• _Work order_:
The material below includes pictures; leave them out and return only the lines between the line containing "3. Install the" and the line containing "한화컨버전스는 신한자산운용(대표 김희송)과", inclusive, word for word.

• _Provided information_:

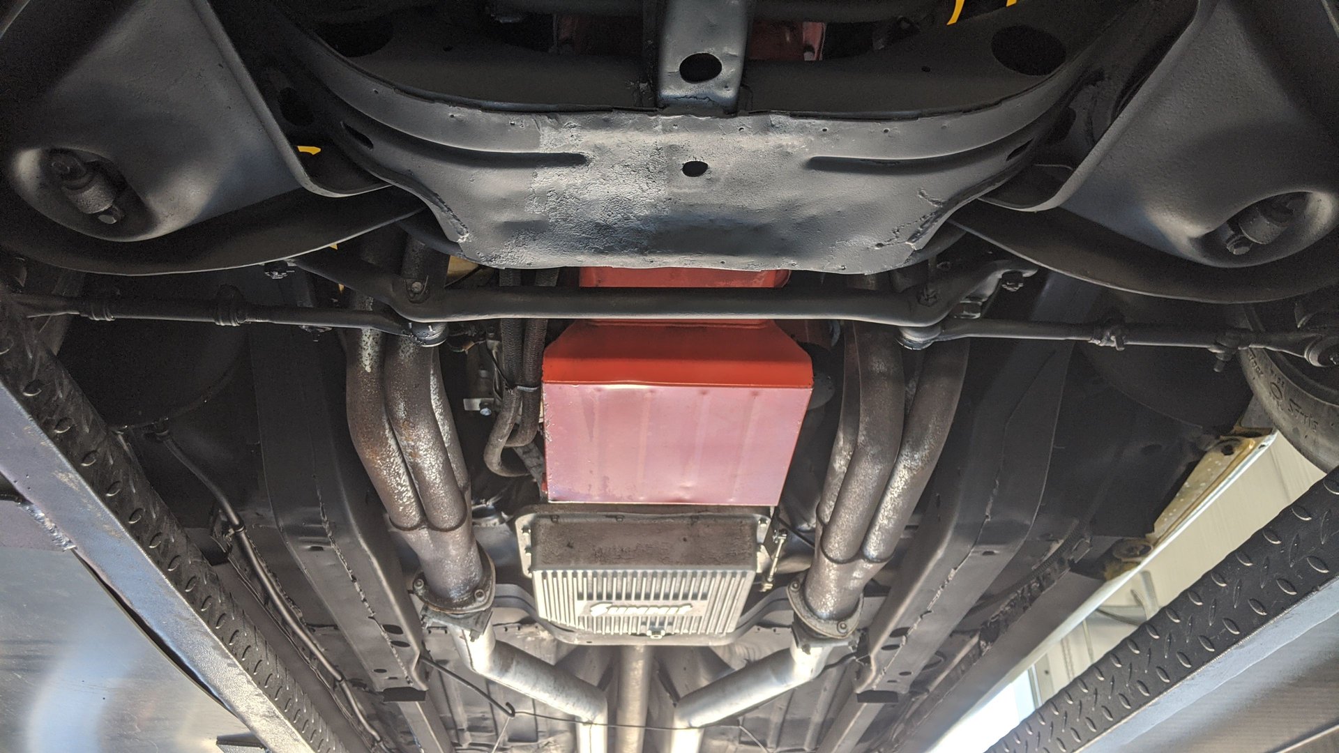 Our SS Camaro also has a Cowl Induction hood, rear spoiler, ladder bar traction bars, dual exhaust system, Rallye wheels with chrome trim rings, redline tires, and the GM 10-bolt rear end.
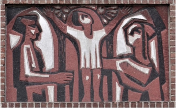 Gevelstenen, muurschildering van Harte / Heilige Familie School
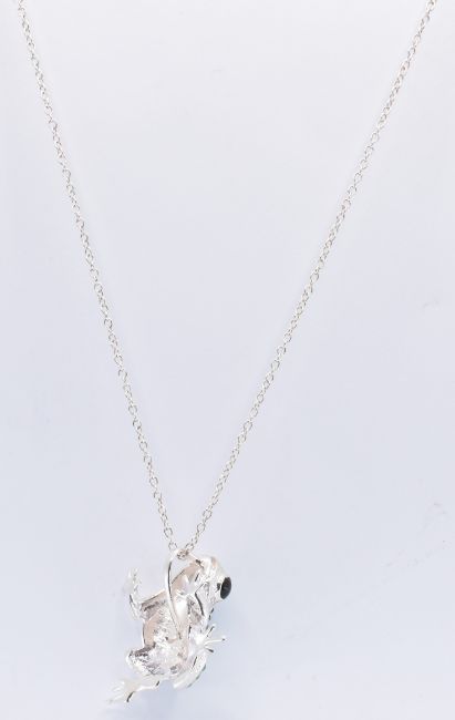 A silver and cubic zirconia pendant necklace. The pendant in the form of a frog and having CZ's and green stones to the back and the eyes being set with black stones. The pendant upon a tracer chain with lobster clasp. Total weight 8.93g. Chain measures approximately 46cm in length. Pendant measures 30mm length.
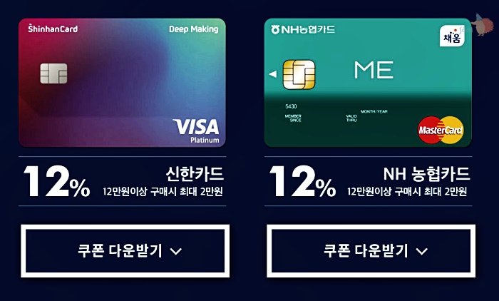 7만원이상 구매시에 최대 2만원까지 추가 할인을 받으실 수 있는데요. 카카오페이 와 KB국민카드, 신한카드, NH농협카드 만 해당됩니다. 카드사 12% 추가 할인 쿠폰은 이랜드몰 이벤트 홈페이지에서 다운받으실 수 있습니다.
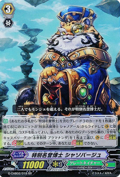 【自】:[あなたの手札から「特別名誉博士」を含むグレード3のカードを1枚選び、捨てる]このユニットが「特別名誉博士 シャノアール」からライドして(V)に登場した時、コストを払ってよい。払ったら、あなたのGゾーンから裏の、「全智竜 キャスパリーグ」か「永世教授 ブラマナンダ」を1枚まで選び、(V)に【超越】する。【超越】したら、そのターン中、あなたは【超越】できない。
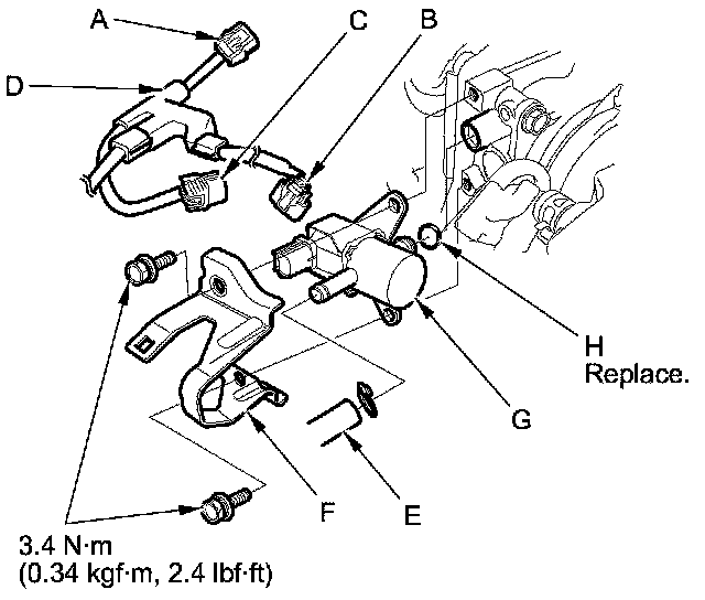3. Install the parts in the reverse order of removal with a new O-ring (H).
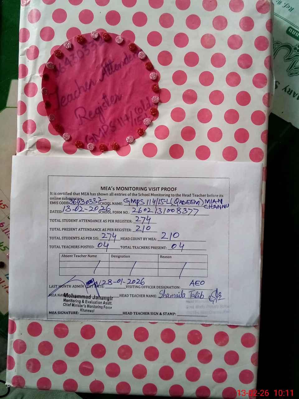 | EMIS Code: 36430332 | Name of School: GGPS 114/15-L QADEEM, MIAN CHANNU | |||
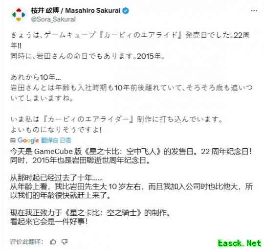 将成"非凡之作" 樱井政博谈《星之卡比》新作开发进展
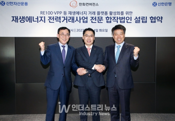 한화컨버전스는 신한자산운용(대표 김희송)과 ‘재생에너지 전력거래를 위한 합작법인(JV) 설립 업무협약’을 체결했다고 5일 밝혔다. 지난 4일 오전 서울 여의도 신한투자증권타워에서 진행된 업무협약식에는 한화컨버전스 김창연 대표, 신한자산운용 김희송 대표 등이 참석했다.
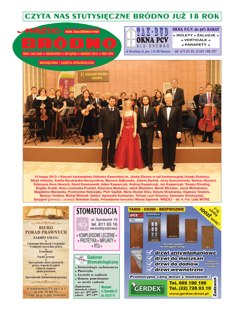 CZYTA NAS STUTYSIĘCZNE BRÓDNO JUŻ 18 ROK TA K- BU D ROK ZAŁOŻENIA1995 OKNA PCV A L U ISSN 1425-7645 v BEZPŁATNA v NR 3(208) v MARZEC 2013 v ROK XVIII D R E W N O ul. Wysockiego 26, paw. 3, 03-388 Warszawa OKNA P.C.V. do 30% RABAT v ROLETY v ŻALUZJE v VERTICALE v v PARAPETY v v tel. 675 05 03, 0-501 108 297 MIESIĘCZNIK v GAZETA SPÓŁDZIELCZA 10 lutego 2013 r. Koncert karnawałowy Orkiestry Kameralnej im. Józefa Elsnera w sali konferencyjnej Urzędu Dzielnicy. Skład orkiestry: Anetta Baculewska-Owczynnikow, Marzena Bajkowska, Jolanta Bartnik, Jerzy Gonczorowski, Bartosz Henrych, Katarzyna Anna Henrych, Kamil Karaszewski, Adam Kasperczyk, Andrzej Kasperczyk, Jan Kasperczyk, Tomasz Kirszling, Bogdan Kraski, Anna Lemieszka-Powideł, Katarzyna Mastalerz, Jakub Mastalerz, Marek Michalec, Jacek Michałowicz, Magdalena Murawska, Przemysław Nalewajka, Piotr Sapilak, Maria Skurjat Silva, Danuta Stradowska, Dagmara Tondera, Mariusz Tondera, Michał Woźniak. Soliści: Agnieszka Kozłowska, Tomasz Lech Krzysica, Sylwester Smulczyński. Dyrygent (pierwszy z prawej ): Bolesław Szulia. Prowadzenie koncertu: Maciej Gąsiorek. WIĘCEJ – str. 4. Fot. Lidia WITKE. STOMATOLOGIA ul. Syrokomli 10 tel. 811 65 16 www.stomatolog-izodent.waw.pl H KOMPLEKSOWE LECZENIE H H PROTETYKA H IMPLANTY H H RTG H Gabinet Stomatologiczny Stomatologia zachowawcza Protetyka n Leczenie w narkozie n Korony porcelanowe na metalu cyrkonie Zapraszamy: Warszawa n n dorosłych i dzieci pon.-pt.: 800-2000 sobota: 800-1300 ul. Szwedzka 37 tel. 818 07 91 2 DYŻURY CZŁONKÓW RADY NADZORCZEJ 21.03. – Marek BIEŻAŃSKI Jacek DUCZMAN 28.03. – Elżbieta GIERAŁTOWSKA Andrzej GAPYS 4.04. – Zbigniew GÓRSKI Bożenna JANASIAK 11.04. – Teresa KOS Mirosława KWIATEK DY¯URY: ul. Krasnobrodzka 11 Biuro Zarz¹du SM „Bródno” Pocz¹tek dy¿urów – godz. 1700 Na cmentarzu w Izabelinie pożegnaliśmy WIKTORA GUTOWSKIEGO Odszedł od nas tak nagle, że aż trudno uwierzyć. Przez kilka kadencji był członkiem Rady Nadzorczej SM „Bródno”, w której reprezentował interesy osiedla „Podgrodzie”. Pracował również dla mieszkańców w komisji rewizyjnej Rady Osiedla, przewodniczył komisji technicznej i angażował się w Komitecie Kolonii. Świetnie znał problemy osiedla. Był bardzo otwartym i uczynnym Człowiekiem. Chętnie rozglądał się dokoła, czy ktoś o pomoc nie woła, szanował ludzi, kochał przyrodę. Lubił najbardziej wśród ludzi zgodę. Taki był właśnie nasz Kolega Wiktor Gutowski. Wiktorze!, trudno nam będzie pogodzić się z tym, że nie ma Ciebie pośród nas. Jeszcze przez wiele, wiele lat będziesz mile wspominany przez nas wszystkich, długo pozostaniesz w naszej pamięci. Rodzinie i najbliższym składamy najszczersze wyrazy współczucia. U CHWAŁY STYCZNIOWE. Anonsujemy uchwały Rady Nadzorczej podjęte podczas posiedzenia 28 stycznia br. 1. Uchwała o finansowaniu remontów lokali socjalnych przewiduje pokrycie przez spółdzielnię kosztów remontów w wysokości nie większej niż 500 zł/m2 i jednocześnie nie więcej niż 30 proc. lokali socjalnych postawionych do dyspozycji spółdzielni przez Urząd Dzielnicy. Uchwała ma na celu przyspieszenie realizacji wyroków eksmisyjnych do lokali socjalnych i jednoczesne zwolnienie mieszkań przez dłużników. 2. Uchwała o zmianie w regulaminie o użytkowaniu parkingów zmieniła dwa przepisy. W pkt. 15 lit. a wykreślono zdanie: Do umów użytkownicy dołączą oświadczenie o poddaniu się rygorowi egzekucji na podstawie art. 777 k.p.c. W to miejsce wpisano: Wzór umowy stanowi załącznik nr. 1 do Regulaminu. Natomiast w pkt. 15 regulaminu dopisano: Wszystkie spory wynikające z zawartej umowy rozstrzyga Dyrektor Osiedla. 3. Uchwała o dodatkowej lokalizacji miejsc parkingowych wyznaczyła teren w os. „Wysockiego” przy ulicy Syrokomli 7/13 od strony ul Wysockiego. Na tej podstawie będzie mógł powstać parking ogólnodostępny. CHWAŁY LUTOWE. 25 lutego obradowała Rada Nadzorcza pod przewodnictwem Sławomira ANTONIKA i podjęła następujące uchwały: 1. O lokalizacji miejsc postojowych na tyłach budynków Malborska 6 i 12 zgodnie z wnioskiem Rady Osiedla „Podgrodzie” i administracji; 2. O wyrażeniu zgody na sfinansowanie robót wykończeniowych w lokalu usługowym w budynku „Różopol” na kwotę 45 tys. zł, co pozwoli na sprzedaż tego lokalu. 3. Rada Nadzorcza zatwierdziła uchwałę Rady Osiedla „Toruńska” o opłatach za miejsca postojowe naziemne w wysokości 2,31 zł/m2/m-c dla właścicieli mieszkań i lokali użytkowych w budynku przy Kondratowicza 11. 4. Rada Nadzorcza przyjęła też sprawozdanie ze swoich prac w 2012 roku. Sprawozdanie omówimy szerzej w wydaniu kwietniowym. OBRADY RADY NADZORCZEJ U SM „BRÓDNO” oferuje: miejsca postojowe w lokalu garażowym Turmoncka 22 – Chodecka 21. Cena 22 tys. zł + VAT 5.060,00 zł. Informacje 510 05 26. H „Różopol”. Do sprzedania lokal użytkowy. Powierzchnia 66,70 m2. Cena 5.200 zł netto/m2. Informacje 510 05 29, 510 05 01. H Z głębokim smutkiem pożegnaliśmy WIKTORA GUTOWSKIEGO wieloletniego członka Rady Nadzorczej SM „Bródno”. W naszej pamięci pozostanie jako Człowiek skromny, spokojny, uczynny, zawsze chętny do pomocy. Miał ogromne poczucie obowiązku. Zawsze wyróżniały Go spokój i cierpliwość. W Radzie Nadzorczej przewodniczył Komisji Techniczno-Eksploatacyjnej, która zajmowała się trudnymi sprawami tworzenia projektów regulaminów, m. in. dotyczących rozliczania kosztów centralnego ogrzewania czy kosztów zużycia wody, a również analizowaniem i opiniowaniem planów remontów i konserwacji oraz rozpatrywaniem indywidualnych spraw członków. Sprawom naszej spółdzielni był bardzo oddany i zawsze mogliśmy na Niego liczyć. Odszedł za szybko, będzie nam Go brakowało. Swoją pracą dobrze zapisał się w historii naszej spółdzielni. Rada Nadzorcza i Zarząd SM „Bródno” Małgorzata KWIATKOWSKA Klub Radnyc
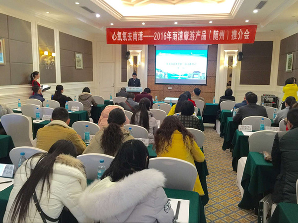 为进一步宣传“心氧氧 去南漳”的品牌形象,加大旅游推广力度和区域合作交流,3月10日,由南漳县旅游局主办的2016年南漳旅游产品春季推介会首站在随州市碧桂园凤凰大酒店隆重登场,南漳县县委常委、政法委书记李恒、随州市外事侨务旅游局副局长聂忠义等出席会议并致辞。两地旅游局、各重点景区、旅行社负责人以及多家新闻媒体记者出席、参加了推介会。
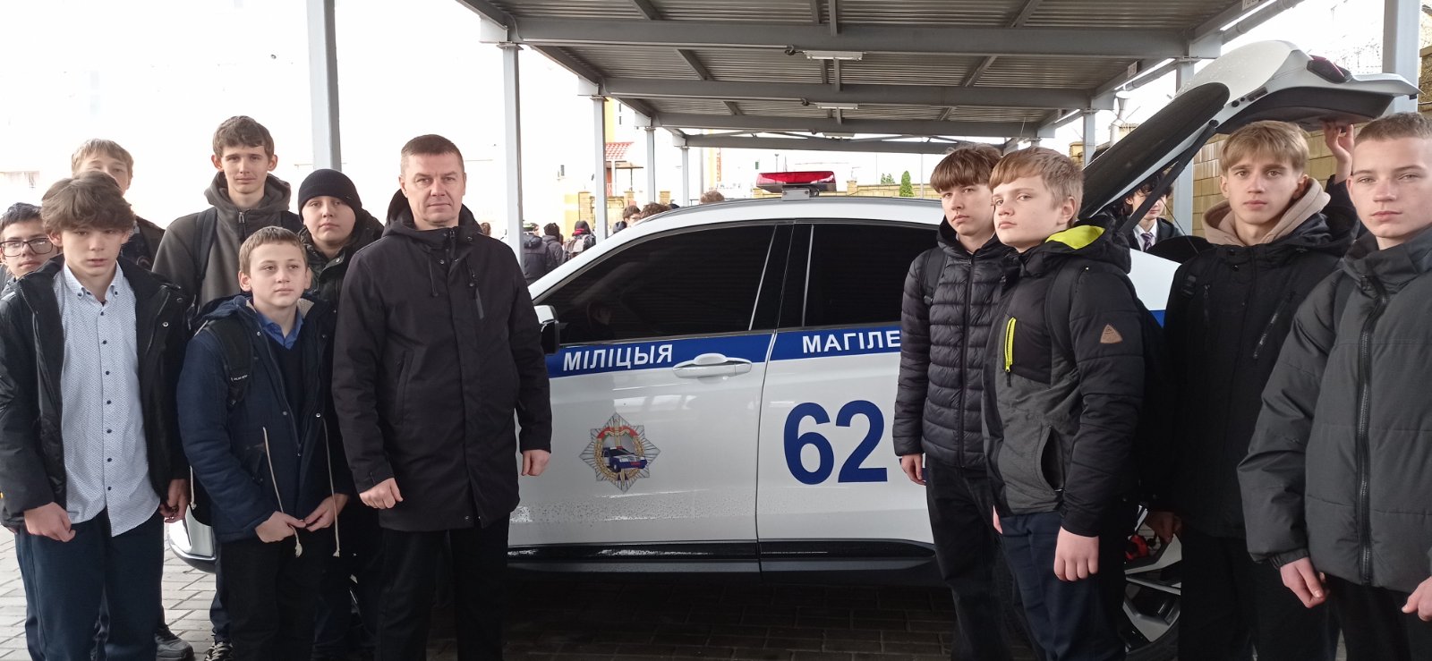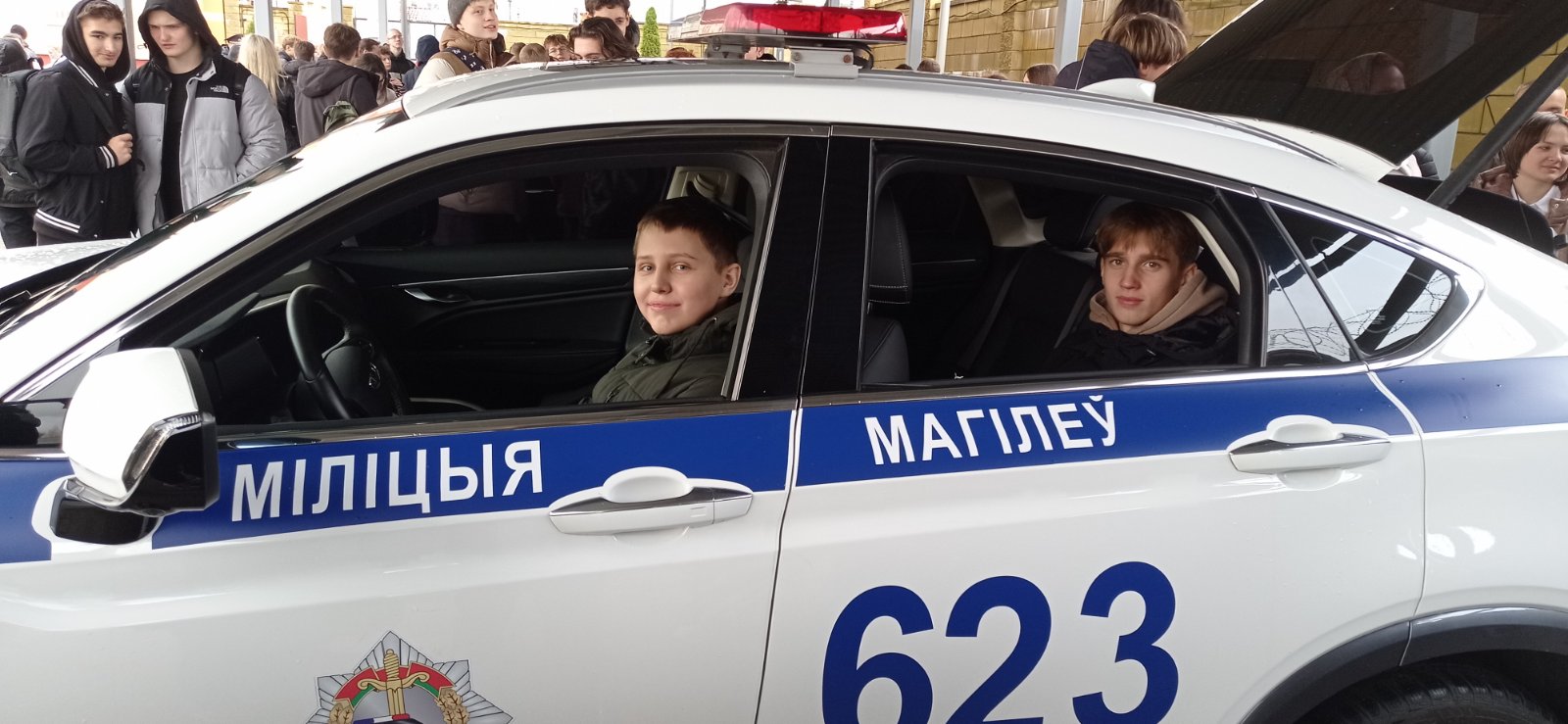 Учащиеся 9 классов нашей школы совместно с руководителем по военно-патриотическому воспитанию Белисовым В.Г. приняли участие в Дне открытых дверей, которое проходило в Ленинском РУВД г.Могилева. Ребятам показали спецтехнику состоящую на вооружении в милиции и рассказали о специфике службы в ОВД.

• _Written reply_:
3. Install the parts in the reverse order of removal with a new O-ring (H).
 | EMIS Code: 36430332 | Name of School: GGPS 114/15-L QADEEM, MIAN CHANNU | |||
 将成"非凡之作" 樱井政博谈《星之卡比》新作开发进展
 한화컨버전스는 신한자산운용(대표 김희송)과 ‘재생에너지 전력거래를 위한 합작법인(JV) 설립 업무협약’을 체결했다고 5일 밝혔다. 지난 4일 오전 서울 여의도 신한투자증권타워에서 진행된 업무협약식에는 한화컨버전스 김창연 대표, 신한자산운용 김희송 대표 등이 참석했다.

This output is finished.